== Record set ==

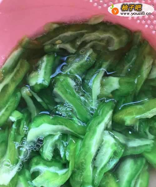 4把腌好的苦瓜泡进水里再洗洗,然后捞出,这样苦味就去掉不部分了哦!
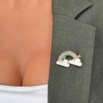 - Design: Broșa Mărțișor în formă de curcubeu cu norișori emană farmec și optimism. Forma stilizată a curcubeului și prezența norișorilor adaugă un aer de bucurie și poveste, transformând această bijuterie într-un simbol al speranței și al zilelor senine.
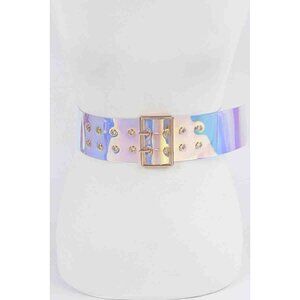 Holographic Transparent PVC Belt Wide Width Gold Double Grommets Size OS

===
== Record set ==

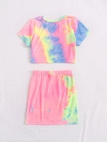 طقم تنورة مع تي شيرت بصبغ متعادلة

===

**Your goal**. Above are records with pictures. Reproduce exactly only the lines from the line with "4把腌好的苦瓜泡进水里再洗洗,然后捞出,这样苦味就去掉不部分了哦!" through the line with "Holographic Transparent PVC", both ends included, and leave the pictures out.

**Answer section**.
 4把腌好的苦瓜泡进水里再洗洗,然后捞出,这样苦味就去掉不部分了哦!
 - Design: Broșa Mărțișor în formă de curcubeu cu norișori emană farmec și optimism. Forma stilizată a curcubeului și prezența norișorilor adaugă un aer de bucurie și poveste, transformând această bijuterie într-un simbol al speranței și al zilelor senine.
 Holographic Transparent PVC Belt Wide Width Gold Double Grommets Size OS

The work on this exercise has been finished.